(Beginning of Data)

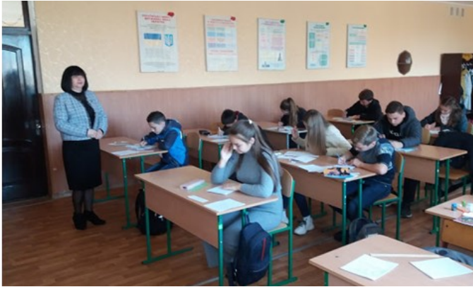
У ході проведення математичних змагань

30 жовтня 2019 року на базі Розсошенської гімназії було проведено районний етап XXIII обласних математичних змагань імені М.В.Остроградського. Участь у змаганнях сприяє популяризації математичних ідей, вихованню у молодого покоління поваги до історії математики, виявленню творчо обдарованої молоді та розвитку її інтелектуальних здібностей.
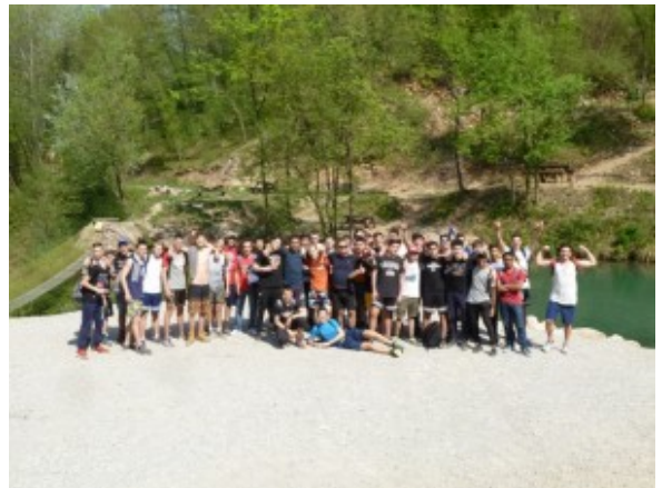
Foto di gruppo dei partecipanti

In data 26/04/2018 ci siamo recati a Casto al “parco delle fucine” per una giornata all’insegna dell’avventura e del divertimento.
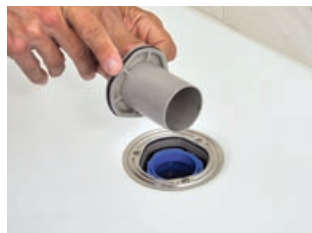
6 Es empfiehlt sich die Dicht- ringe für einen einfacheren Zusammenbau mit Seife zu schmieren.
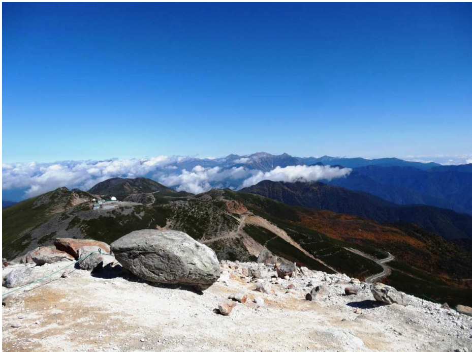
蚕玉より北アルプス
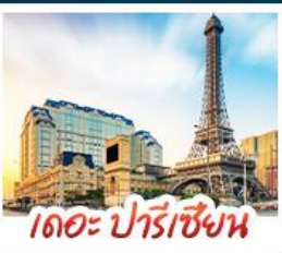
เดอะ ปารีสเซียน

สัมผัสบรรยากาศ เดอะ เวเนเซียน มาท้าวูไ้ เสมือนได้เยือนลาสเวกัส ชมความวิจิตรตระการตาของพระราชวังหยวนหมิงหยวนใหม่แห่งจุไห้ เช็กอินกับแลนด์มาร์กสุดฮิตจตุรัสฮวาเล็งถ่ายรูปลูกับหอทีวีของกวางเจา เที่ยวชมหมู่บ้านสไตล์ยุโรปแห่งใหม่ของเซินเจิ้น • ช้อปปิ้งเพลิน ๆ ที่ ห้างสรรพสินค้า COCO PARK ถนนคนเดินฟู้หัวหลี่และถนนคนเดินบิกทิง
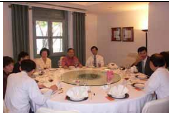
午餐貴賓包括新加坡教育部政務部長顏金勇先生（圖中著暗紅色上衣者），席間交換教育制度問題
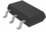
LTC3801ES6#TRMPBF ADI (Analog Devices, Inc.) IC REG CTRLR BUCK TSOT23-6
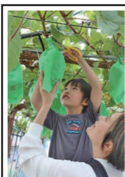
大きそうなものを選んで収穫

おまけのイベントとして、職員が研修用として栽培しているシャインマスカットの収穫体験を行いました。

(End of Data)

Aim of the exercise>
Word for word, return the material above, but drop the pictures.

Solution for this exercise>
У ході проведення математичних змагань

30 жовтня 2019 року на базі Розсошенської гімназії було проведено районний етап XXIII обласних математичних змагань імені М.В.Остроградського. Участь у змаганнях сприяє популяризації математичних ідей, вихованню у молодого покоління поваги до історії математики, виявленню творчо обдарованої молоді та розвитку її інтелектуальних здібностей.
Foto di gruppo dei partecipanti

In data 26/04/2018 ci siamo recati a Casto al “parco delle fucine” per una giornata all’insegna dell’avventura e del divertimento.
6 Es empfiehlt sich die Dicht- ringe für einen einfacheren Zusammenbau mit Seife zu schmieren.
蚕玉より北アルプス
เดอะ ปารีสเซียน

สัมผัสบรรยากาศ เดอะ เวเนเซียน มาท้าวูไ้ เสมือนได้เยือนลาสเวกัส ชมความวิจิตรตระการตาของพระราชวังหยวนหมิงหยวนใหม่แห่งจุไห้ เช็กอินกับแลนด์มาร์กสุดฮิตจตุรัสฮวาเล็งถ่ายรูปลูกับหอทีวีของกวางเจา เที่ยวชมหมู่บ้านสไตล์ยุโรปแห่งใหม่ของเซินเจิ้น • ช้อปปิ้งเพลิน ๆ ที่ ห้างสรรพสินค้า COCO PARK ถนนคนเดินฟู้หัวหลี่และถนนคนเดินบิกทิง
午餐貴賓包括新加坡教育部政務部長顏金勇先生（圖中著暗紅色上衣者），席間交換教育制度問題
LTC3801ES6#TRMPBF ADI (Analog Devices, Inc.) IC REG CTRLR BUCK TSOT23-6
大きそうなものを選んで収穫

おまけのイベントとして、職員が研修用として栽培しているシャインマスカットの収穫体験を行いました。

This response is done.